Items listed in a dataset
#####
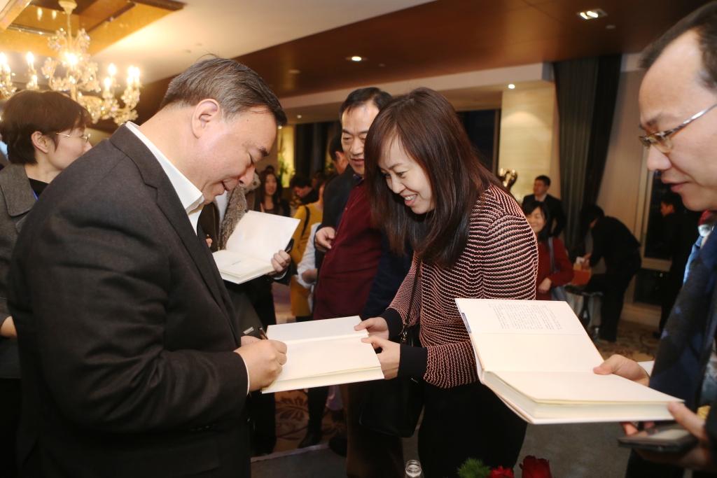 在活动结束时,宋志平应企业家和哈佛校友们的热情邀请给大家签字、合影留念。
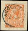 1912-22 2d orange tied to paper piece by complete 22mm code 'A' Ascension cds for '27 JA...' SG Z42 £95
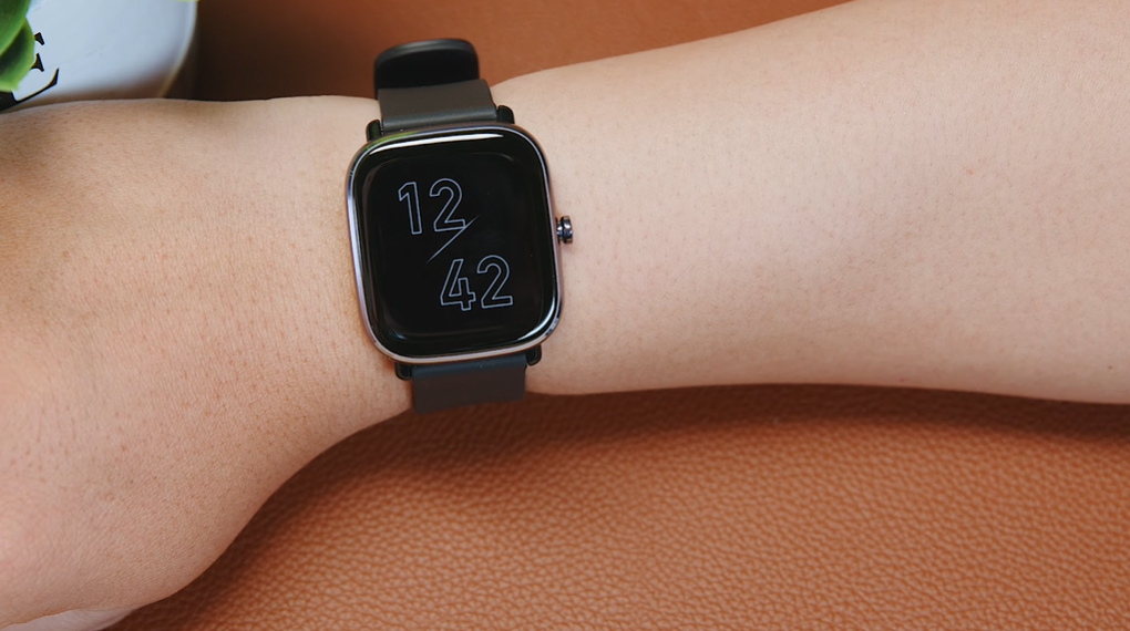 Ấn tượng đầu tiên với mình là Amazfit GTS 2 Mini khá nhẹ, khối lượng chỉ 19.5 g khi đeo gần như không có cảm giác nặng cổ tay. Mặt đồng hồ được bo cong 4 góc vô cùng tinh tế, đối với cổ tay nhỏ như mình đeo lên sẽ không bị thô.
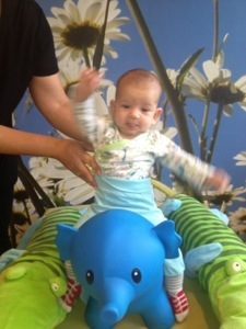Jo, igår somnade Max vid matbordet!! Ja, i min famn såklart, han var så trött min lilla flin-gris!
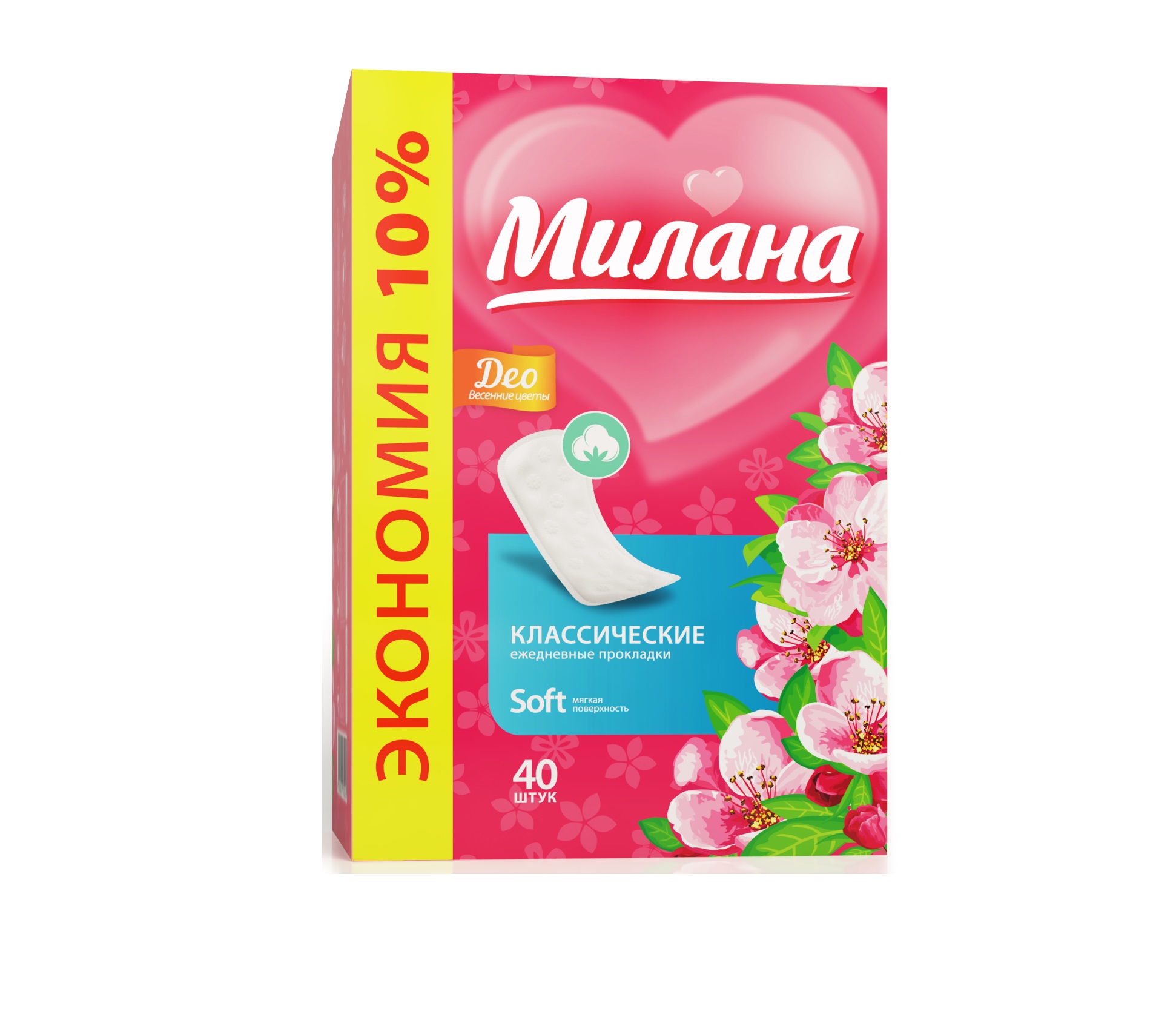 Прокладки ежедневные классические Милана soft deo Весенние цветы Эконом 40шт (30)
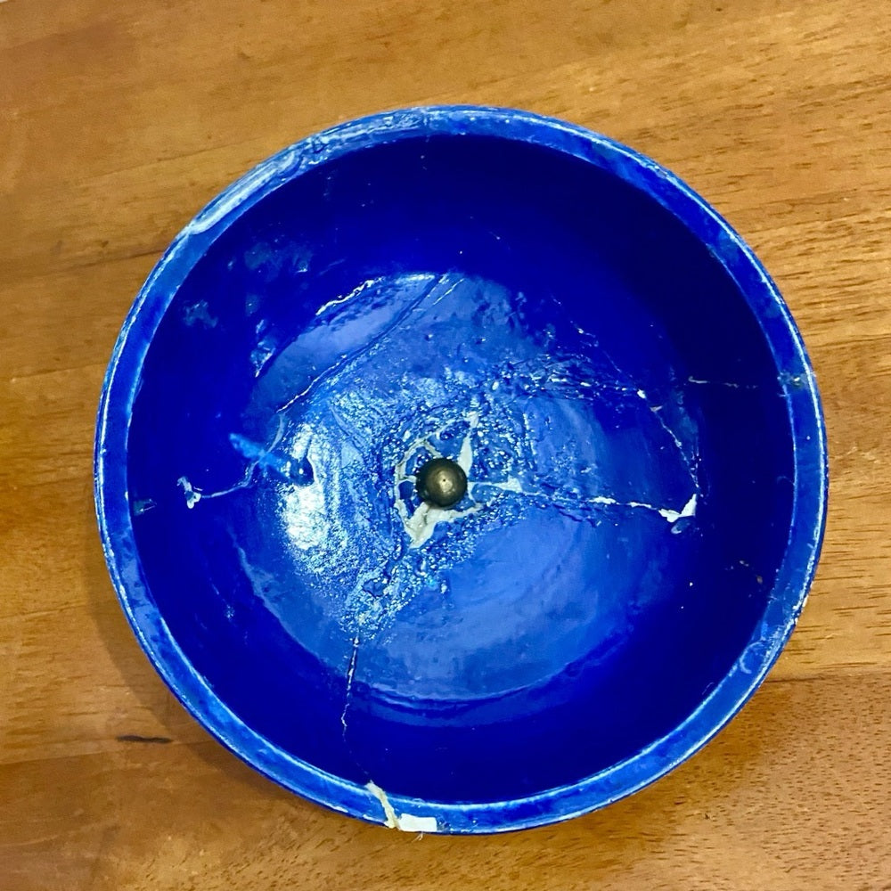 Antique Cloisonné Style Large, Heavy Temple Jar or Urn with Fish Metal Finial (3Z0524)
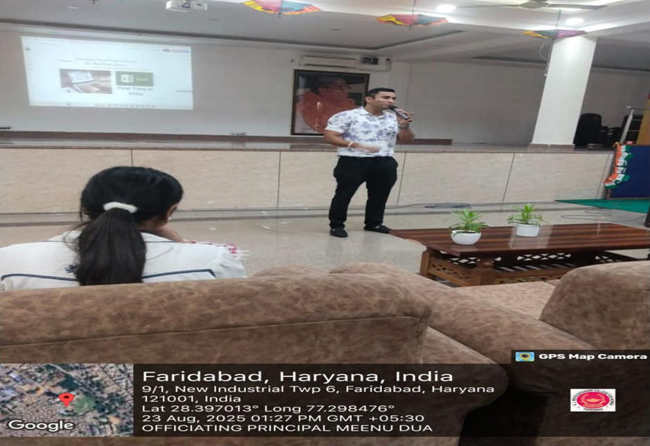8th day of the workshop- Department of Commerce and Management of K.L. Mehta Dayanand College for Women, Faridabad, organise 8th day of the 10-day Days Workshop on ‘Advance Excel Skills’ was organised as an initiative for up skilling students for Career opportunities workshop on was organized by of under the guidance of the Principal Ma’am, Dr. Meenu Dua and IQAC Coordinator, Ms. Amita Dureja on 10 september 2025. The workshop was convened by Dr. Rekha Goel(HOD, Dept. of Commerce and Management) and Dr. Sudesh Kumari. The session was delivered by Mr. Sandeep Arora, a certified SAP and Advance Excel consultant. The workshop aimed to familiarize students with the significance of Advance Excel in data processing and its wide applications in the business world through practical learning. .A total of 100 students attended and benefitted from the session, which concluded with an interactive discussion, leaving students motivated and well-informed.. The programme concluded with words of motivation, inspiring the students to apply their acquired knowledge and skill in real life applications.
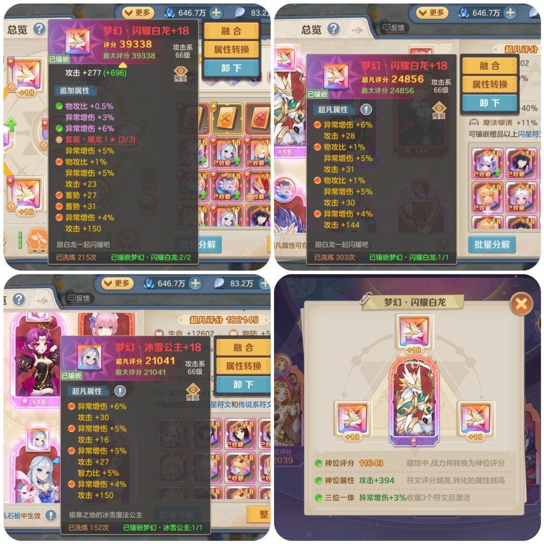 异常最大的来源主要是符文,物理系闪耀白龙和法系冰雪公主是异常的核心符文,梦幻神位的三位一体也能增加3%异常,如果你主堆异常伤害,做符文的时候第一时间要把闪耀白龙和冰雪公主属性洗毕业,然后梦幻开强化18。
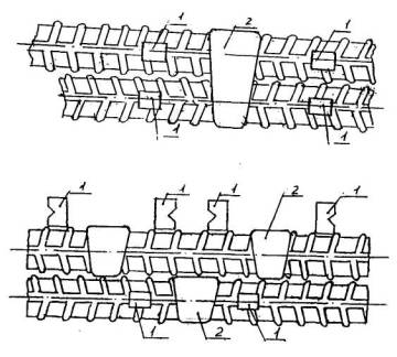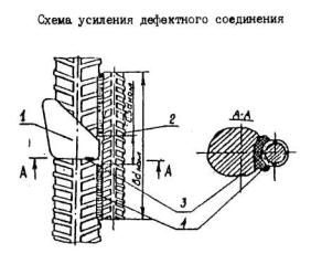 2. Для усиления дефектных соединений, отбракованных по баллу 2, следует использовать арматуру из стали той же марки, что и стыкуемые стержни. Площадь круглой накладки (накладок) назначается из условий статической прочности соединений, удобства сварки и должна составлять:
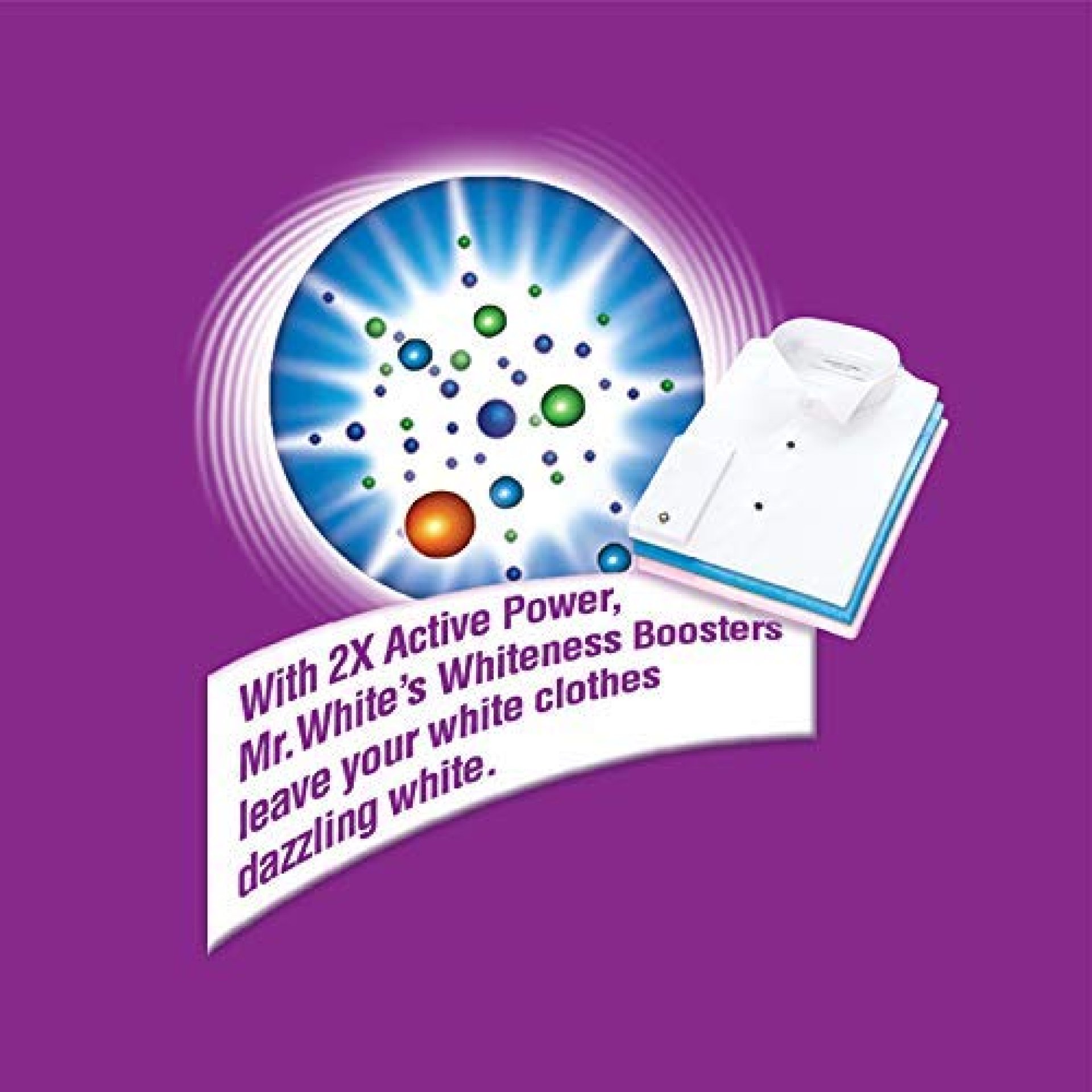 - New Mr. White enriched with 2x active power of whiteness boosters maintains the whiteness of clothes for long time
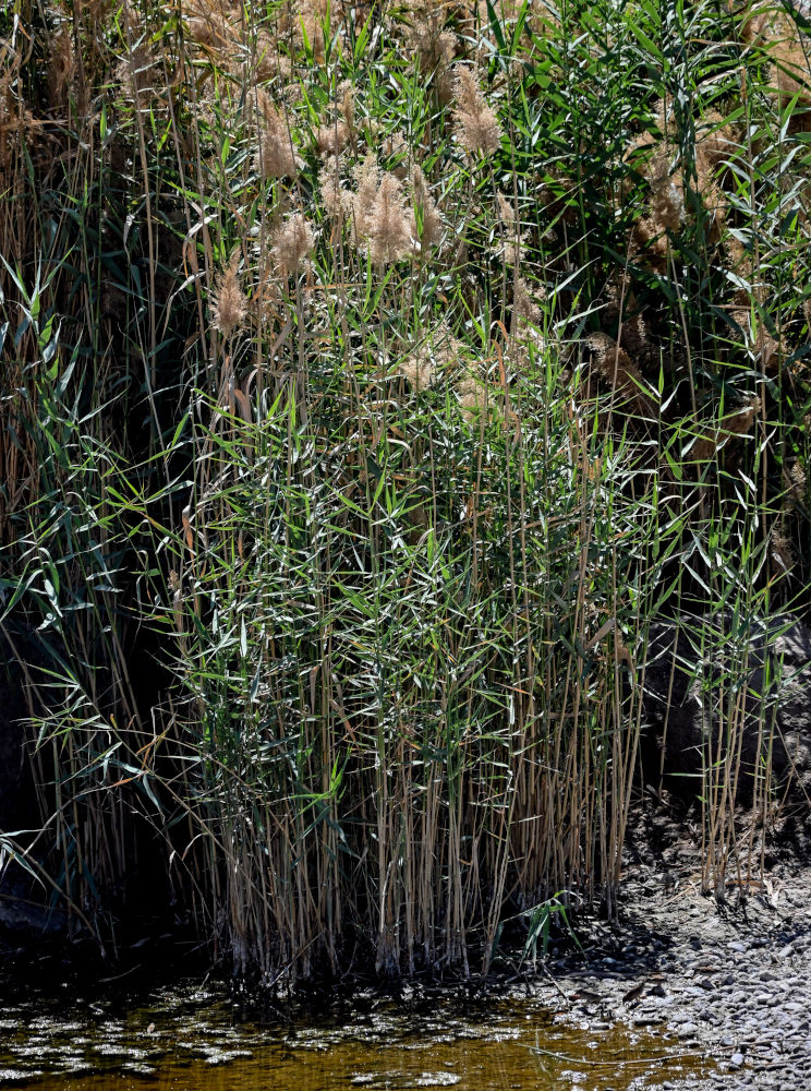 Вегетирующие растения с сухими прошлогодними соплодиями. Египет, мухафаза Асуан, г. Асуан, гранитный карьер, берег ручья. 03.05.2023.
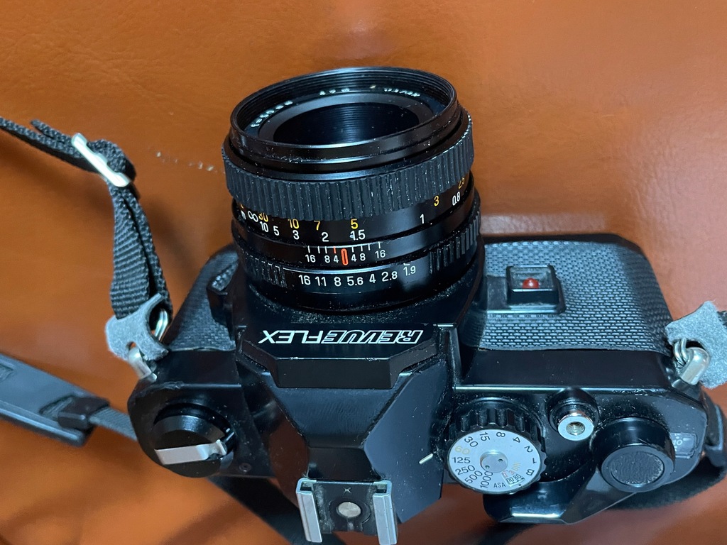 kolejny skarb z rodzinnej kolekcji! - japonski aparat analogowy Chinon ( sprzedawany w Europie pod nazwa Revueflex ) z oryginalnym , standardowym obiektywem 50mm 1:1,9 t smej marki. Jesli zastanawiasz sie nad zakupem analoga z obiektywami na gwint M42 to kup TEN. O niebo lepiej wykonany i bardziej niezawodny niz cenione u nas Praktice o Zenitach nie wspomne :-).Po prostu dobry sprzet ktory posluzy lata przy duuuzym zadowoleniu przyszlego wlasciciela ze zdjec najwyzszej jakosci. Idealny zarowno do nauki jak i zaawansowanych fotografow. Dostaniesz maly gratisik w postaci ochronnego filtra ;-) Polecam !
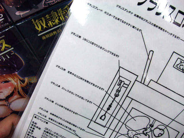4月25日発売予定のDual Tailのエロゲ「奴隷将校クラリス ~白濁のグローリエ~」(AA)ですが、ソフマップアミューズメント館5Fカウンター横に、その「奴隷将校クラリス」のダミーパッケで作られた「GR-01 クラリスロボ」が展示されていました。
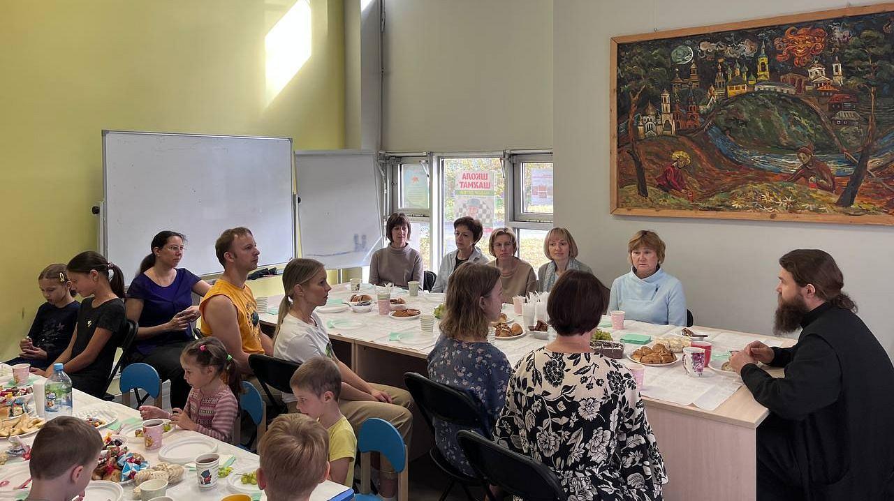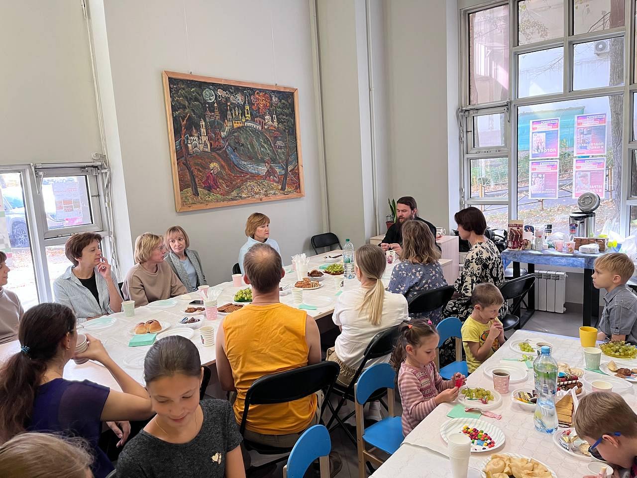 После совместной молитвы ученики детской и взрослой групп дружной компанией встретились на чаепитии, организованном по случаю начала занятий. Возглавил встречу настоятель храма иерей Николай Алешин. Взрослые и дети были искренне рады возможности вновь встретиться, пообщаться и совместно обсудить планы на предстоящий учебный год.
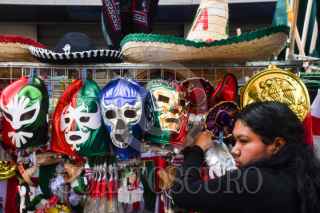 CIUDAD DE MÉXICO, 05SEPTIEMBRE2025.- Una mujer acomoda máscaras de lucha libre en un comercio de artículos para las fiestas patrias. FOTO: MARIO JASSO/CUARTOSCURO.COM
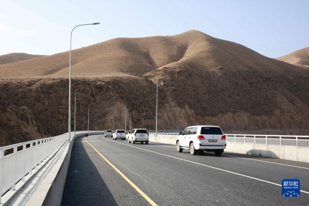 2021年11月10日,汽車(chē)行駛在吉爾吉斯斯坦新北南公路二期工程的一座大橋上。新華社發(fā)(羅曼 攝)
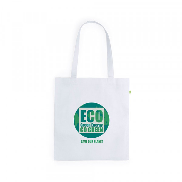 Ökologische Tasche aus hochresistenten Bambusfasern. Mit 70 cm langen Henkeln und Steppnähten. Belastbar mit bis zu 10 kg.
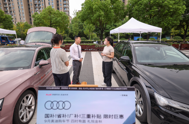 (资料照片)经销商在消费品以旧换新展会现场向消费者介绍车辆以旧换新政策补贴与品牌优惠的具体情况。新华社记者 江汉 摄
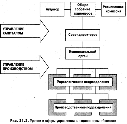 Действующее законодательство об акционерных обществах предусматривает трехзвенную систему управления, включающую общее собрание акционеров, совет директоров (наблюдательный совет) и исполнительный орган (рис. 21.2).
#####
(Exercise details): Your copy of the entries above must be exact and must not include pictures.

(Solution to this task):
 在活动结束时,宋志平应企业家和哈佛校友们的热情邀请给大家签字、合影留念。
 1912-22 2d orange tied to paper piece by complete 22mm code 'A' Ascension cds for '27 JA...' SG Z42 £95
 Ấn tượng đầu tiên với mình là Amazfit GTS 2 Mini khá nhẹ, khối lượng chỉ 19.5 g khi đeo gần như không có cảm giác nặng cổ tay. Mặt đồng hồ được bo cong 4 góc vô cùng tinh tế, đối với cổ tay nhỏ như mình đeo lên sẽ không bị thô.
Jo, igår somnade Max vid matbordet!! Ja, i min famn såklart, han var så trött min lilla flin-gris!
 Прокладки ежедневные классические Милана soft deo Весенние цветы Эконом 40шт (30)
 Antique Cloisonné Style Large, Heavy Temple Jar or Urn with Fish Metal Finial (3Z0524)
8th day of the workshop- Department of Commerce and Management of K.L. Mehta Dayanand College for Women, Faridabad, organise 8th day of the 10-day Days Workshop on ‘Advance Excel Skills’ was organised as an initiative for up skilling students for Career opportunities workshop on was organized by of under the guidance of the Principal Ma’am, Dr. Meenu Dua and IQAC Coordinator, Ms. Amita Dureja on 10 september 2025. The workshop was convened by Dr. Rekha Goel(HOD, Dept. of Commerce and Management) and Dr. Sudesh Kumari. The session was delivered by Mr. Sandeep Arora, a certified SAP and Advance Excel consultant. The workshop aimed to familiarize students with the significance of Advance Excel in data processing and its wide applications in the business world through practical learning. .A total of 100 students attended and benefitted from the session, which concluded with an interactive discussion, leaving students motivated and well-informed.. The programme concluded with words of motivation, inspiring the students to apply their acquired knowledge and skill in real life applications.
 异常最大的来源主要是符文,物理系闪耀白龙和法系冰雪公主是异常的核心符文,梦幻神位的三位一体也能增加3%异常,如果你主堆异常伤害,做符文的时候第一时间要把闪耀白龙和冰雪公主属性洗毕业,然后梦幻开强化18。
 2. Для усиления дефектных соединений, отбракованных по баллу 2, следует использовать арматуру из стали той же марки, что и стыкуемые стержни. Площадь круглой накладки (накладок) назначается из условий статической прочности соединений, удобства сварки и должна составлять:
 - New Mr. White enriched with 2x active power of whiteness boosters maintains the whiteness of clothes for long time
 Вегетирующие растения с сухими прошлогодними соплодиями. Египет, мухафаза Асуан, г. Асуан, гранитный карьер, берег ручья. 03.05.2023.
 kolejny skarb z rodzinnej kolekcji! - japonski aparat analogowy Chinon ( sprzedawany w Europie pod nazwa Revueflex ) z oryginalnym , standardowym obiektywem 50mm 1:1,9 t smej marki. Jesli zastanawiasz sie nad zakupem analoga z obiektywami na gwint M42 to kup TEN. O niebo lepiej wykonany i bardziej niezawodny niz cenione u nas Praktice o Zenitach nie wspomne :-).Po prostu dobry sprzet ktory posluzy lata przy duuuzym zadowoleniu przyszlego wlasciciela ze zdjec najwyzszej jakosci. Idealny zarowno do nauki jak i zaawansowanych fotografow. Dostaniesz maly gratisik w postaci ochronnego filtra ;-) Polecam !
4月25日発売予定のDual Tailのエロゲ「奴隷将校クラリス ~白濁のグローリエ~」(AA)ですが、ソフマップアミューズメント館5Fカウンター横に、その「奴隷将校クラリス」のダミーパッケで作られた「GR-01 クラリスロボ」が展示されていました。
 После совместной молитвы ученики детской и взрослой групп дружной компанией встретились на чаепитии, организованном по случаю начала занятий. Возглавил встречу настоятель храма иерей Николай Алешин. Взрослые и дети были искренне рады возможности вновь встретиться, пообщаться и совместно обсудить планы на предстоящий учебный год.
 CIUDAD DE MÉXICO, 05SEPTIEMBRE2025.- Una mujer acomoda máscaras de lucha libre en un comercio de artículos para las fiestas patrias. FOTO: MARIO JASSO/CUARTOSCURO.COM
 2021年11月10日,汽車(chē)行駛在吉爾吉斯斯坦新北南公路二期工程的一座大橋上。新華社發(fā)(羅曼 攝)
 Ökologische Tasche aus hochresistenten Bambusfasern. Mit 70 cm langen Henkeln und Steppnähten. Belastbar mit bis zu 10 kg.
 (资料照片)经销商在消费品以旧换新展会现场向消费者介绍车辆以旧换新政策补贴与品牌优惠的具体情况。新华社记者 江汉 摄
 Действующее законодательство об акционерных обществах предусматривает трехзвенную систему управления, включающую общее собрание акционеров, совет директоров (наблюдательный совет) и исполнительный орган (рис. 21.2).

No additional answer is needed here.